Recall Pólya’s Urn: Initially there is 1 red and 1 blue ball in an urn. In each step, we select a ball from the urn uniformly at random, and then put it back together with a new ball of the same color. Therefore after n steps, there are n + 2 balls in the urn. Suppose that after n steps there are r + 1 red and b + 1 blue balls, where r + b = n. Show that $\frac{r}{(r + b)}$ is the conditional probability that a red ball was selected in the first step. Fully justify your answer.
Hint: Let $C_1$ be the color of the first ball selected. Let $R_n$ the number of red balls after n steps. Explain why $$P(R_n = r+1|C_1 = R) = 2\binom{n-1}{r-1}\frac{r!b!}{(n+1)!}$$ and $$ P(R_n = r+1|C_1 = B) = \frac{b}{r}P(R_n = r+1|C_1 = R)$$
I'm familiar with normal urn and red/blue ball problems, but this one has me confused in a few ways...Where did the equations in the "hint" come from? How do the hint equations for the $C_1$ case help lead us to finding $\frac{r}{(r + b)}$ is the conditional probability? The problem is also asking me to "argue directly" rather than use induction. And then "apply Bayes Rule." Any help or direction with this problem would be very much appreciated!
Some direction:
For the first equation in the hint, you are given that at step $1$ you pick and add a red ball. You need the probability that, in the remaining $n-1$ steps, you will pick and add exactly $r-1$ red balls.
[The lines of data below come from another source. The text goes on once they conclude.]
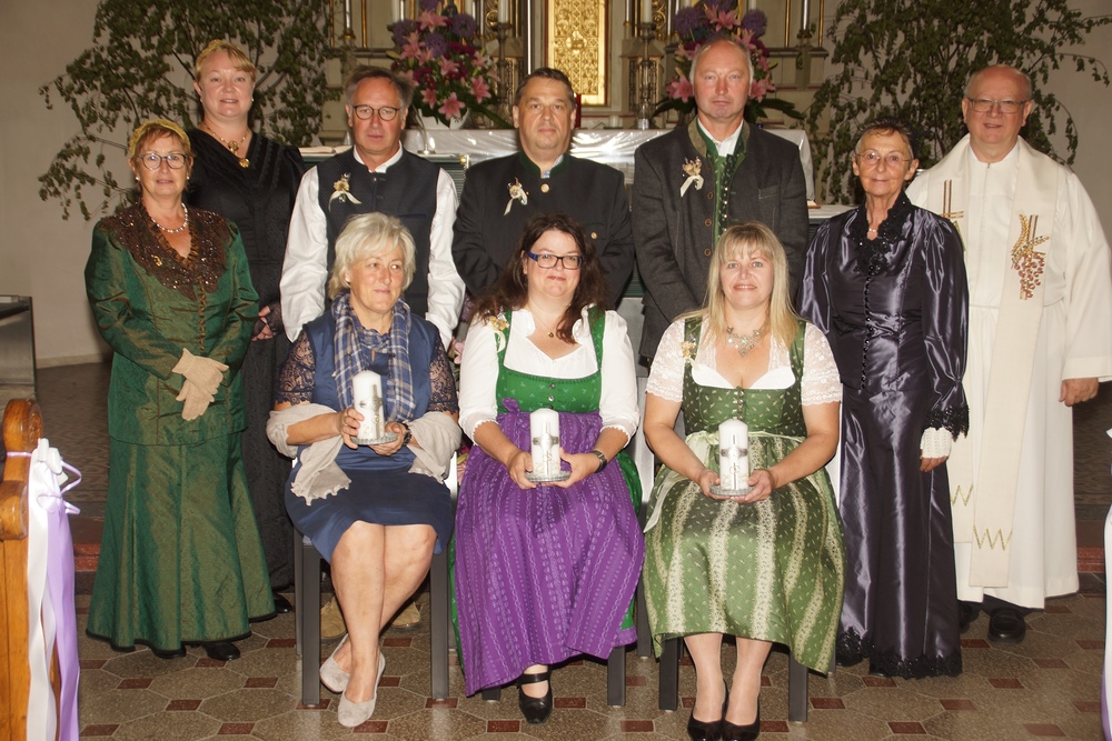 Die Silberhochzeit feierten Margit und Hubert Doppler. Elisabeth und Christian Forstner, Gerlinde und Christian Mair sowie Goldhaubenobfrau-Stellv. Elfi Thurner und Birgit Lindinger; Goldhaubenobfrau Sieglinde Eisenhuber sowie Pfarrer Mag. Josef Etzlstorfer.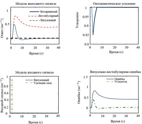 Динамический отклик двух моделей восприятия показан на рис. 2 и 3. Эти результаты моделирования демонстрируют способность модели отражать тот факт, что, в то время как вестибулярные чувства имеют временные (переходные) характеристики, индуцированное (искусственные) движение через зрительный канал по-прежнему доминирует в восприятии движения человеком.
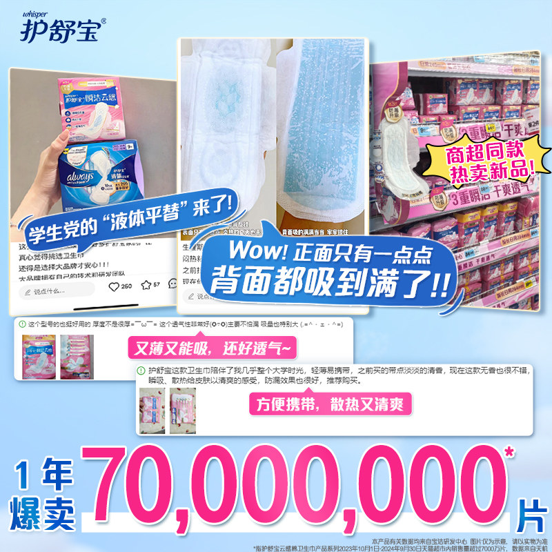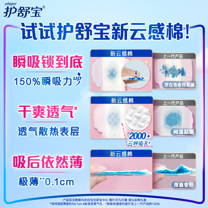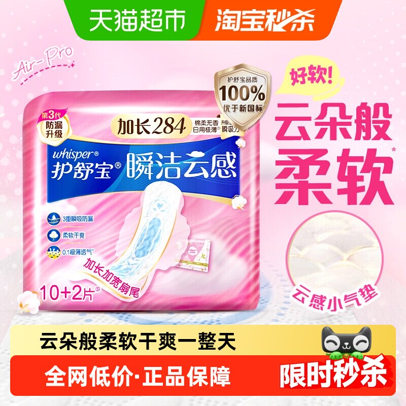 📚 护舒宝瞬洁云感棉卫生巾加长日用284mm 超薄透气干爽姨妈巾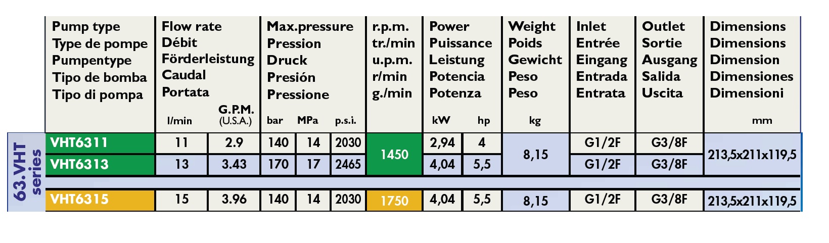 VHT6311 壓力140Bar,流量11L/min,轉(zhuǎn)速1450rpm,選配功率3kW電機(jī),
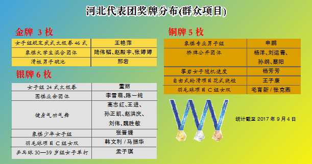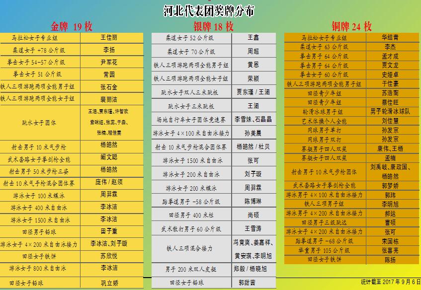 截止到9月6日 全运会河北代表团奖牌分布表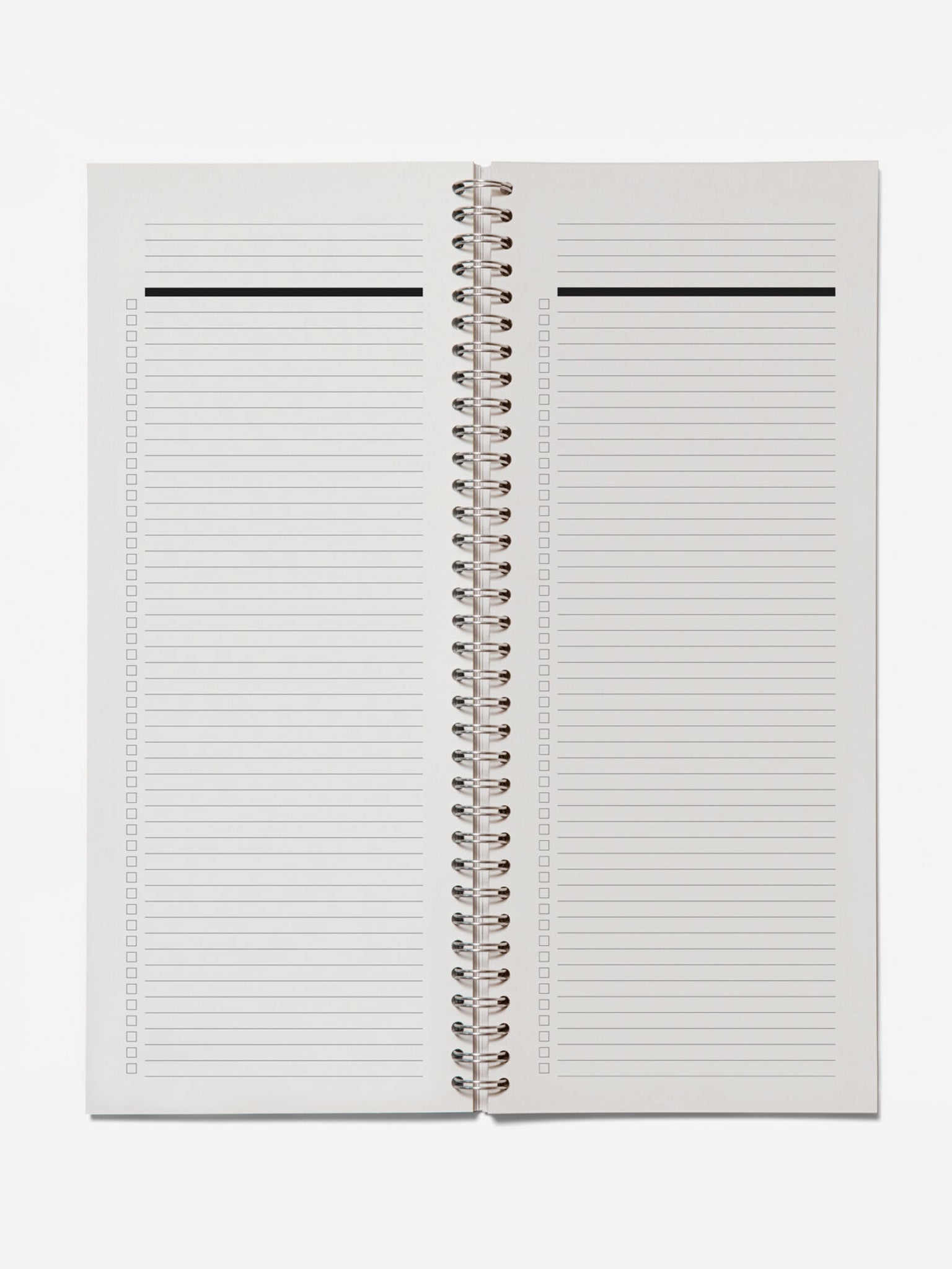 A List Of Things is a notebook dedicated to listmaking conceived by Marjolein Delhaas and Patter. Designed with consideration, A List of Things invites customisation on each page. Taking a pen and committing to paper is an important act with intention and using A List of Things celebrates that. The cover comes with a special postcard displaying an image from Pause, a new Patter film, and is bound along the spiral with an easy-to-tear perforated line.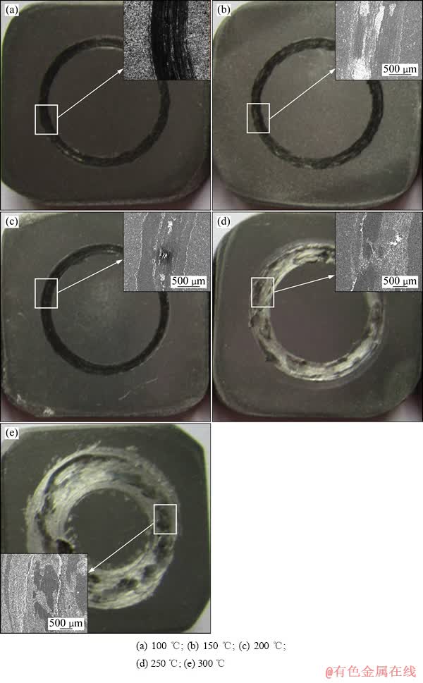 SiCp/A356复合材料在常温下的滑动摩擦磨损的研究表明,通常多种磨损机制同时存在并对材料的摩擦磨损性能产生影响[15]。从图1的结果看,高温下滑动摩擦磨损过程,也同时存在不同的磨损机制。图3所示为SiCp/A356复合材料在不同温度下经滑动摩擦磨损实验后的磨损面的宏观形貌。从图3中可以看出,在200 ℃以下,磨痕浅且细(见图3(a)~(c)),表面光滑平整呈黑色,宏观上表现出磨损率很小(见图1)。表面的黑色表明,复合材料发生氧化,而此时磨屑很少且极细,因此可以初步推断此时主要发生氧化磨损。试样及环境温度提高到250 ℃以上时,由于温度升高使复合材料强度和硬度降低,磨损表面出现严重的塑性变形层,同时大量的磨屑粘附在摩擦轨迹不同位置,且出现堆积现象,导致表面粗糙不平,磨痕大且深呈银白色(见图3(d)~(e)),因此,出现图1所示的磨损率线性增加的现象,从中大致可以判断为出现严重的粘着磨损。

First you need to choose which $r-1$ steps will be red; then you need to find the probability of picking that exact situation.
For the second equation in the hint, calculate using the same method, then relate it to $P(R_n=r+1|C_1=R)$.
Once you have the relation in the second equation, forget about the first equation, and now apply Bayes' Rule to calculate $P(C_1=R|R_n=r+1)$. You'll see that the $P(R_n=r+1|C_1=R)$ terms cancel.
Good luck!